### Exercise:
Where an image appears in the data, omit it and reproduce the rest exactly.

### Supplied material:
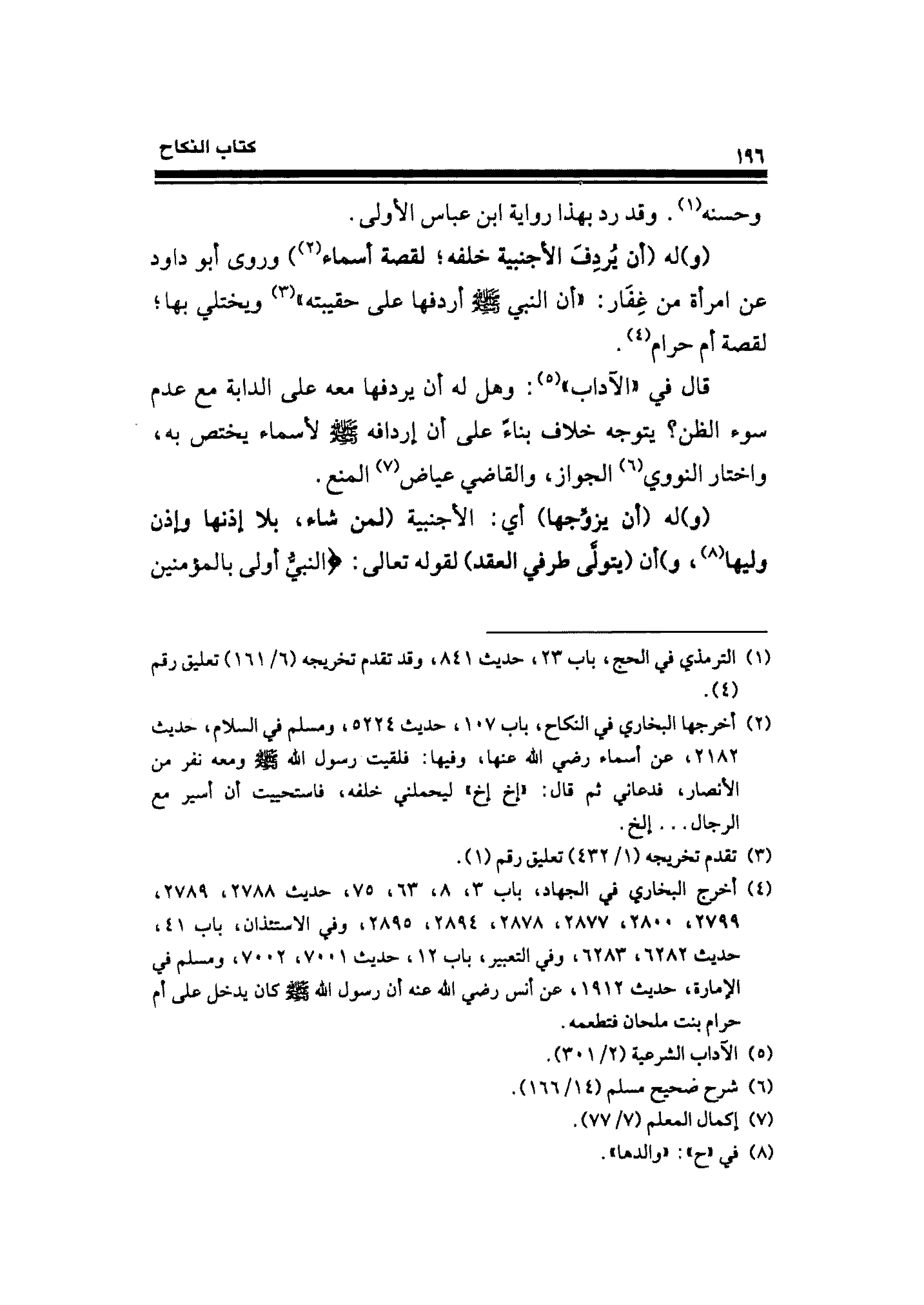 (¬١) الترمذي في الحج، باب ٢٣، حديث ٨٤١، وقد تقدم تخريجه (٦/ ١٦١) تعليق رقم (٤).
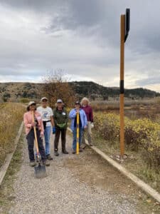 Opportunities to volunteer for the wetland arise all year long, but the main season for outdoor work onsite ends in the fall. The 2023 volunteer season at the IAWP wrapped up with the Busy Beaver Rendezvous toward the end of October. Fifteen volunteers enjoyed the mild weather as they worked on clearing the culvert, installing bat boxes, and winterizing the wetland infrastructure. The group also enjoyed the birds who remained at the wetland, including magpies, mallards, and vocal kingfishers hunting near the trail. The crew, consisting of seasoned Busy Beavers, new volunteers, and SAS board members ended the day with a pizza party in the pavilion.
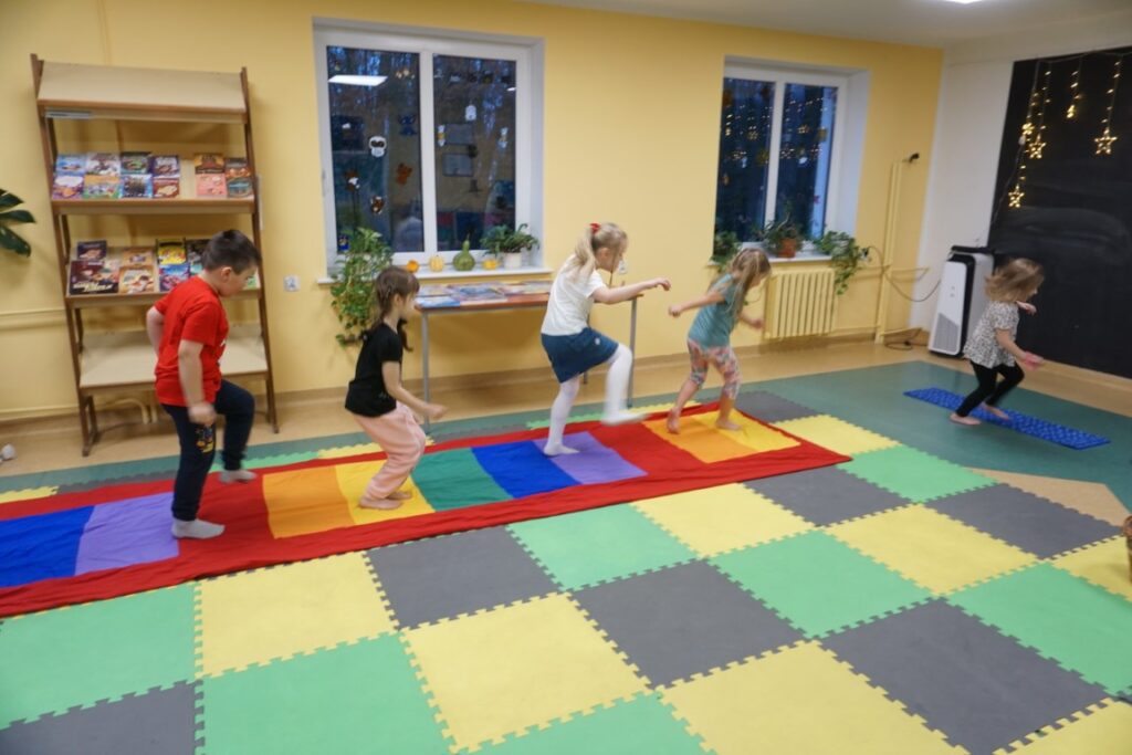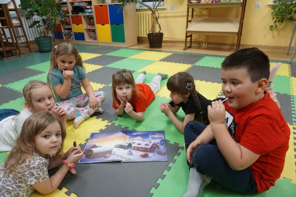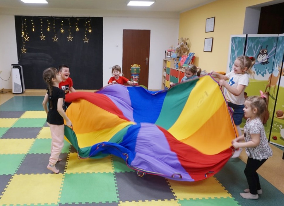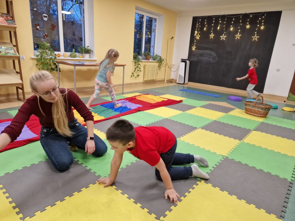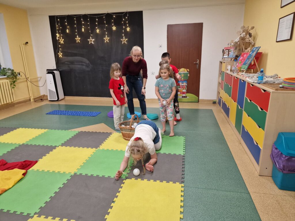 Po części ruchowej dzieci wygodnie usiadły na miękkich piankowych puzzlach, aby wysłuchać opowieści. Tego dnia zaproponowano książkę „Elfy na ratunek” Barbary Supeł. Przedszkolaki słuchały uważnie, w skupieniu śledząc losy bohaterów. Opowiadanie wprowadziło dzieci w magiczny, zimowy świat, w którym elfy przygotowywały się do najważniejszego momentu w roku, świąt. Gdy pojawił się kłopot, to właśnie one ruszyły z pomocą, wykazując się pomysłowością, współpracą i odwagą. Opowieść była pełna pozytywnych wartości: podkreślała znaczenie współpracy, uczyła odpowiedzialności i empatii, pokazując, że nawet mali bohaterowie mogą dokonywać wielkich rzeczy. Tekst był rymowany, lekki i przystępny z barwnymi ilustracjami przyciągającymi uwagę najmłodszych. Doskonale sprawdził się podczas głośnego czytania.

### Solution below:
 (¬١) الترمذي في الحج، باب ٢٣، حديث ٨٤١، وقد تقدم تخريجه (٦/ ١٦١) تعليق رقم (٤).
 Opportunities to volunteer for the wetland arise all year long, but the main season for outdoor work onsite ends in the fall. The 2023 volunteer season at the IAWP wrapped up with the Busy Beaver Rendezvous toward the end of October. Fifteen volunteers enjoyed the mild weather as they worked on clearing the culvert, installing bat boxes, and winterizing the wetland infrastructure. The group also enjoyed the birds who remained at the wetland, including magpies, mallards, and vocal kingfishers hunting near the trail. The crew, consisting of seasoned Busy Beavers, new volunteers, and SAS board members ended the day with a pizza party in the pavilion.
 Po części ruchowej dzieci wygodnie usiadły na miękkich piankowych puzzlach, aby wysłuchać opowieści. Tego dnia zaproponowano książkę „Elfy na ratunek” Barbary Supeł. Przedszkolaki słuchały uważnie, w skupieniu śledząc losy bohaterów. Opowiadanie wprowadziło dzieci w magiczny, zimowy świat, w którym elfy przygotowywały się do najważniejszego momentu w roku, świąt. Gdy pojawił się kłopot, to właśnie one ruszyły z pomocą, wykazując się pomysłowością, współpracą i odwagą. Opowieść była pełna pozytywnych wartości: podkreślała znaczenie współpracy, uczyła odpowiedzialności i empatii, pokazując, że nawet mali bohaterowie mogą dokonywać wielkich rzeczy. Tekst był rymowany, lekki i przystępny z barwnymi ilustracjami przyciągającymi uwagę najmłodszych. Doskonale sprawdził się podczas głośnego czytania.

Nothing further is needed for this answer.